Vanilla vs. French Vanilla: What's the Difference?

The answer lies in the distinction between an ingredient and a flavor profile.

bowl of French vanilla ice cream
Photo: AnnaPustynnikova/Getty Images

Tack "French" onto anything's name and it automatically sounds fancier: French wine, French cheese, etc. People often assume (consciously or unconsciously) that French vanilla is higher quality than regular ol' vanilla. However, that's not necessarily the case — in fact, it's not even from France.

Vanilla vs. French Vanilla Ice Cream

"French vanilla" is not a type of vanilla bean (like Tahitian or Madagascar varieties), it technically refers to a style of or method for making ice cream. In other words, it's not an ingredient — rather, the name "French vanilla" describes a flavor profile, achieved by using a specific type of ice cream base.

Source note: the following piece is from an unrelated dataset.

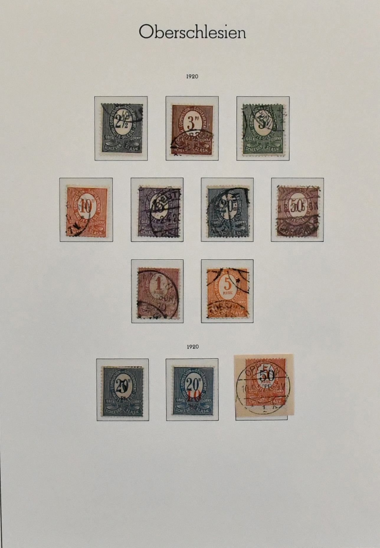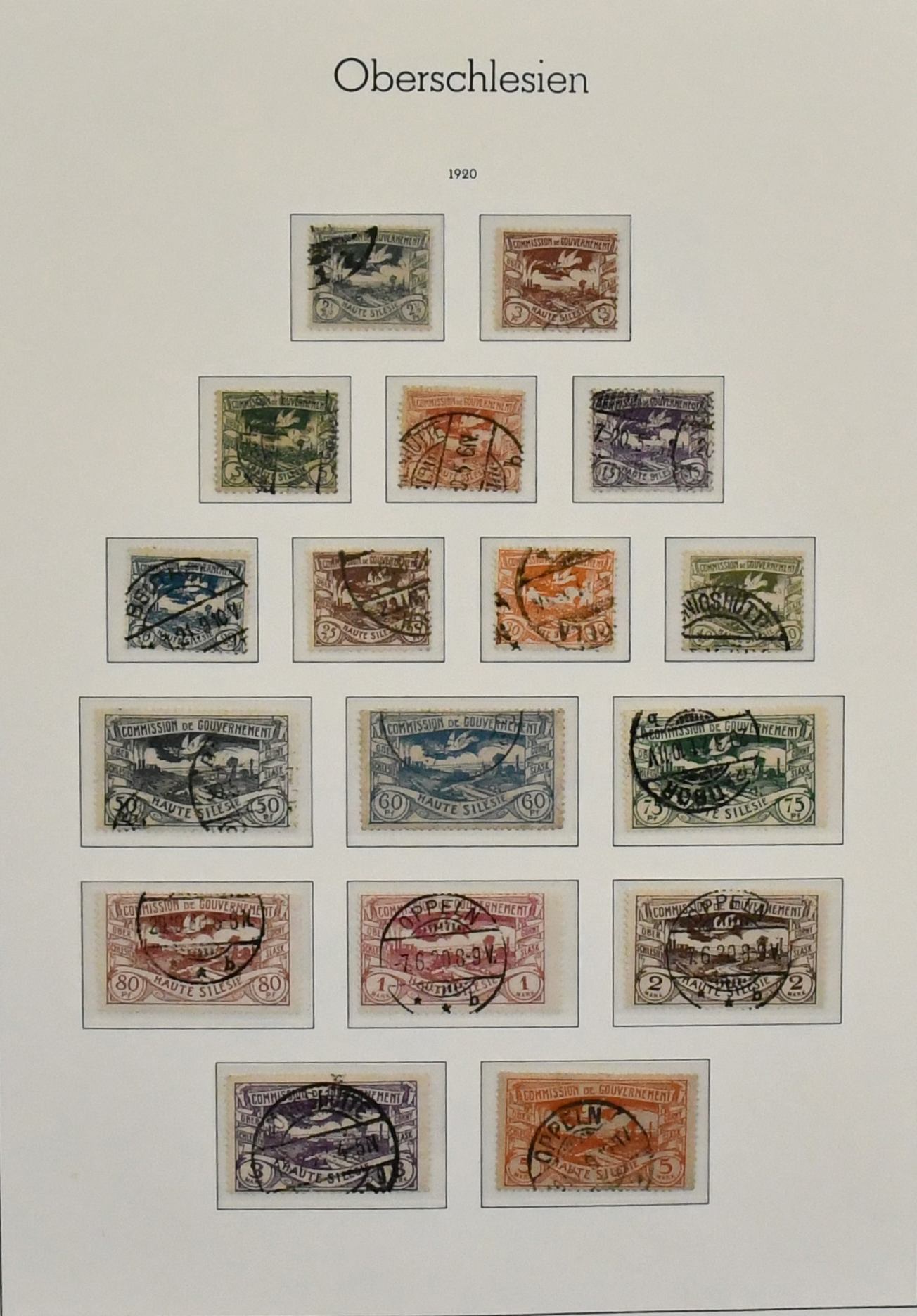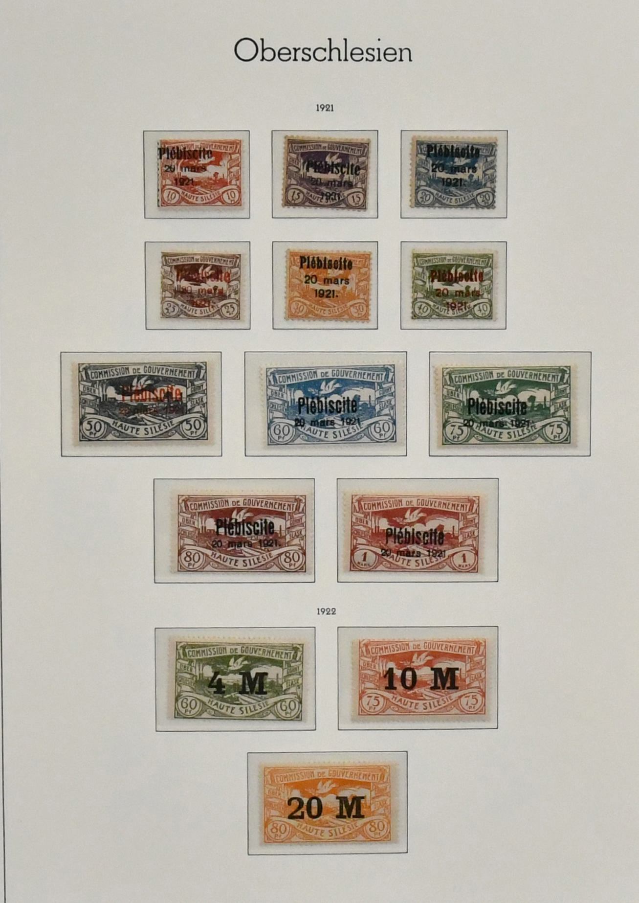 Oberschlesien, kpl. Slg. mit Nr. 1/9 gest., 12 gest., 30/40 usw. Dazu Dienst Nr. 1/20 kpl., auf Leuchtturm-Vordrucken
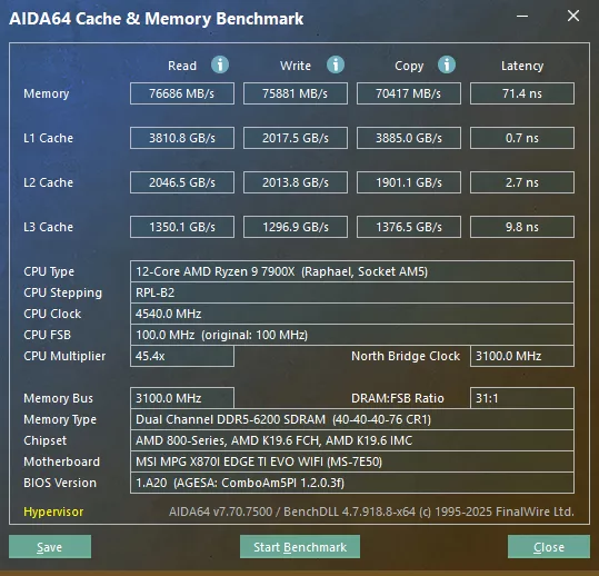 The next test is our memory testing using AIDA64’s Cache & Memory Benchmark. The MSI X870I EDGE TI EVO WIFI was able to achieve a read speed of 76,686 MB/s, a write speed of 75,881 MB/s, and a copy speed of 70,417 MB/s, all of which are a bit below what we have come to expect from the X870 platform with this CPU and memory combination, and much closer to the B850 scores we have seen.

The base of French vanilla ice cream contains egg yolks, and traditionally, the base of plain vanilla ice cream does not. This yolk-less version is also called "Philadelphia-style" ice cream. That said, this doesn't mean that every carton of plain (non-French) vanilla ice cream you see on the freezer aisle is void of egg yolks — so keep that in mind if you're shopping for someone with an egg allergy. Because of the egg yolks, French vanilla ice cream typically has a creamy, yellowish color, where standard vanilla is more of a clean white color.

French Vanilla Flavor

Because of the egg yolks, French vanilla ice cream tastes richer and more custard-like than its yolk-free vanilla counterpart.

While the French vanilla label technically only applies to ice cream, you'll find many products — coffee creamer, for example — marketed as French vanilla-flavored. This simply implies that the product has a rich vanilla flavor, tasting caramelized and even custardy.